Performance

Performance plays an important role in record linkage. Record linkage problems scale quadratically with the size of the file(s). The number of record pairs can be enormous and so are the number of comparisons. Over the years, smart techniques are developed to reduce the number of record pairs. The Python Record Linkage Toolkit offers several effective techniques for making record pairs. Nevertheless, the Python Record Linkage Toolkit is NOT developed with speed in mind. Understandability, usability and extensibility are the main focus points in the development. This makes the toolkit very useful for linking small or medium sized files.

Okeee… There is not only bad news. The performance of many algorithms is good. Nevertheless, there are plenty of options to increase the performance of your record linkage implementation. Some methods are discussed in this topic.

Do you know more tricks? Let us know!

Indexation

Block on multiple columns

Blocking is an effective way to increase the performance of your record linkage. If the performance of your implementation is still poor, decrease the number of pairs by blocking on multiple variables. This implies that the record pair is agrees on two or more variables. In the following example, the record pairs agree on the given name and surname.

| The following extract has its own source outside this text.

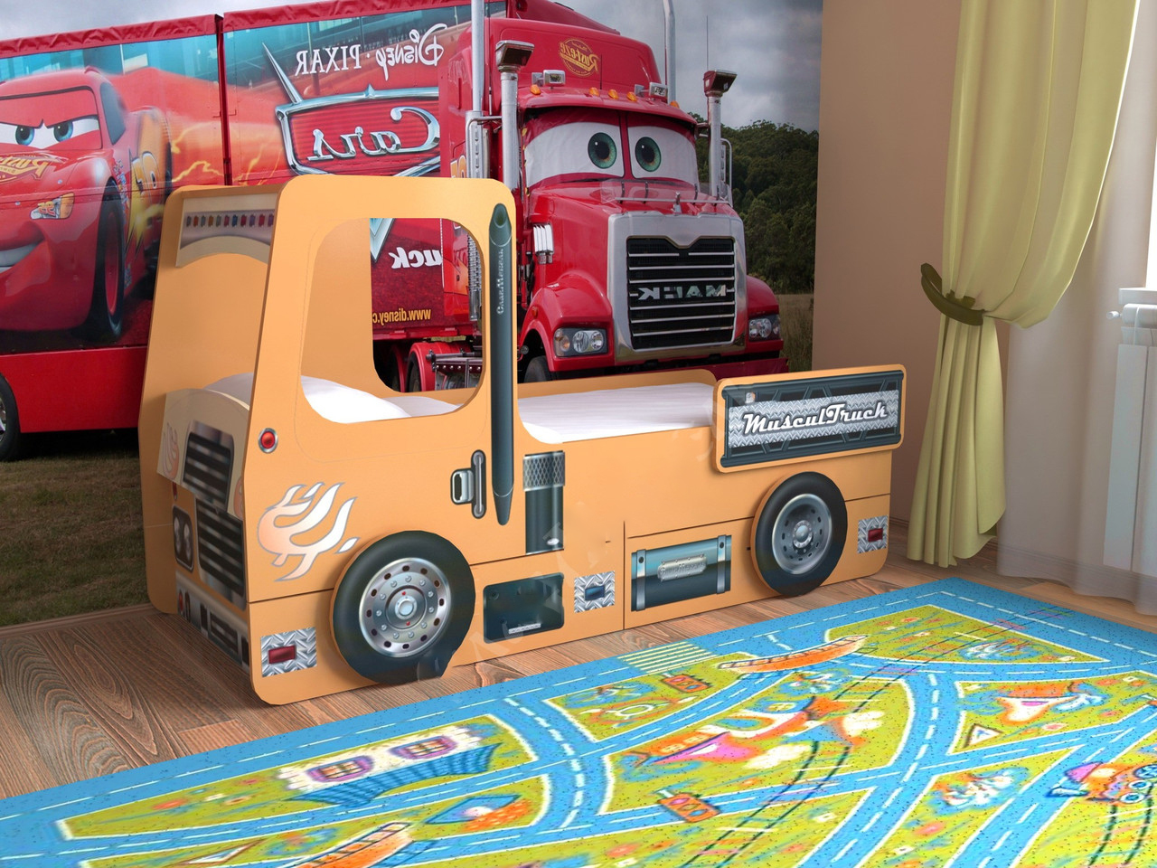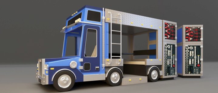 Ein unrealistisch realistisches Modell eines Lastwagens wird absolut jeden Jungen ansprechen. Dieses Bett kombiniert eine Vielzahl von Funktionen. Auf einem solchen Bett können Sie schlafen, spielen und Ihre Sachen und Spielsachen aufbewahren. Es hat große Abmessungen, aber in seiner Funktionalität ersetzt es alle Arten von Kindermöbeln.

p = recordlinkage.BlockIndex(left_on=['first_name', 'surname'],
                             right_on=['name', 'surname'])
pairs = p.index(dfA, dfB)

You might exclude more links then desired. This can be solved by repeating the process with a different combinations of blocking variables. In the end, merge the links of the two, so called, index passes.

p_surname = recordlinkage.BlockIndex(left_on=['first_name', 'surname'],
                                     right_on=['name', 'surname'])
p_age = recordlinkage.BlockIndex(left_on=['first_name', 'age'],
                                 right_on=['name', 'age'])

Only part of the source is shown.